As the Prime Minister has said, the UK is a country that meets its international obligations. It is in the interests of both the UK and the European Union to agree a new partnership in a fair and orderly manner, with as little disruption as possible. There is indeed no reason why a new deep and special partnership between the UK and the EU should not be achievable.

On the specific issues raised in the report and in the debate, throughout the report there are a range of different opinions about the legal interpretation of potential obligations which the UK may or may not be legally required to pay. Witnesses to the committee are a testament to the complexity of it, and disagreement and uncertainty over the liabilities of a member state under Article 50 are to be expected in an area that has of course little precedent. The legal nuance is interesting. The report concluded that the wording provided under Article 50—in particular,

“The Treaties shall cease to apply to the State in question from the date of entry into force of the withdrawal agreement or, failing that, two years after the notification”—


was sufficient to clear the UK of any ongoing obligations. My noble friend Lord De Mauley said that this was a useful incentive for the EU to seek agreement, and my noble friend Lord Taylor of Warwick made the case for that side of the argument more forcefully.

Other legal experts argued that Article 50 does not expressly deal with the question of financial consequences as a member state withdraws from the Union. The noble Lord, Lord Davies of Stamford, developed that case, as did the noble Lord, Lord Thomas of Gresford. The noble Lord, Lord Haskins, made the point that, whatever lawyers on one side for the argument might say, lawyers to support the other side of the argument can fairly easily be recruited. They argued the other side of the argument, that rights and obligations upon the termination of a treaty are governed by Article 70 of the Vienna Convention on the Law of Treaties.

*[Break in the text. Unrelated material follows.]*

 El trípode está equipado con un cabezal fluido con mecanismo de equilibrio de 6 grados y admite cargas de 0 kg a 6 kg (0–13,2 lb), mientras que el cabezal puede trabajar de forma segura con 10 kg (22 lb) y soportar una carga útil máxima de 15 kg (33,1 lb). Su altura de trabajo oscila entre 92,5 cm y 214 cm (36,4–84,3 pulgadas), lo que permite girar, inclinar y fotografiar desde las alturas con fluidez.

This states that obligations undertaken when the UK was still bound by the EU treaties would not disappear at the moment of Brexit.

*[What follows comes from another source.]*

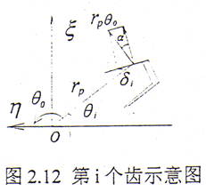 設繞z方向給一小扭轉角△θ,如圖2.9所示,則在第i對齒對上產生的扭矩為△Mci,設rp為節圓半徑。則有
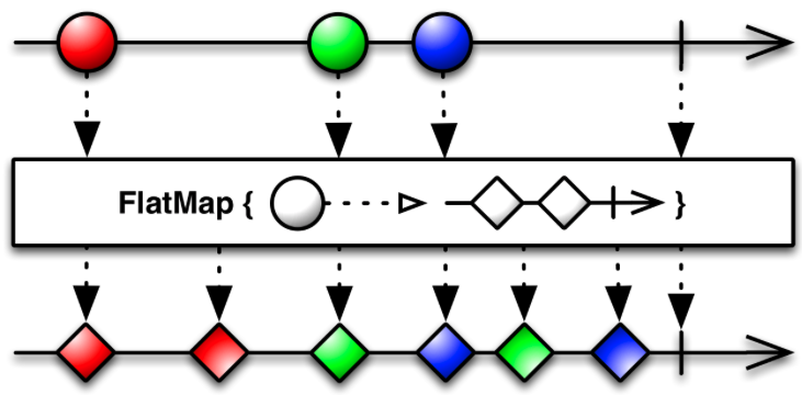 let observableOfInt = Observable.of(1, 2, 3) let observableOfString = Observable.of("GREEN", "RED") observableOfInt .flatMap { (num) -> Observable<String> in print("Emit: \(num)") return observableOfString } .subscribeNext { print("Emit: \($0)") } // Emit: 1 // Emit: GREEN // Emint: RED // Emit: 2 // Emit: GREEN // Emint: RED // Emit: 3 // Emit: GREEN // Emint: RED1, 2, 3 Int를 가진 옵저버블과 GREEN, RED String을 가진 두 옵저버블이 있습니다.

We are far from exhausting the range of opinions that can, and will, be given on this matter over the next few years. Superimposed on the legal uncertainty over what is or is not a survivable obligation on the UK, there is the additional ambiguity over the size of each obligation and how to calculate the UK’s share—a point the noble Lord, Lord Jay, made in his contribution. As the report makes clear,

“if it were to be accepted that the UK had any financial liability on leaving the EU, no single figure can incontrovertibly represent an amount that the UK might be requested to pay”.

Again, for each potential obligation, witnesses before the committee highlighted various ways in which you could calculate its size and various ways in which you could calculate the UK share. At least four different percentages were given with respect to pensions alone. Reading all this as a lay man—indeed, it has been confirmed by this debate—my conclusion was that a solution will be arrived at not by lawyers but by politicians.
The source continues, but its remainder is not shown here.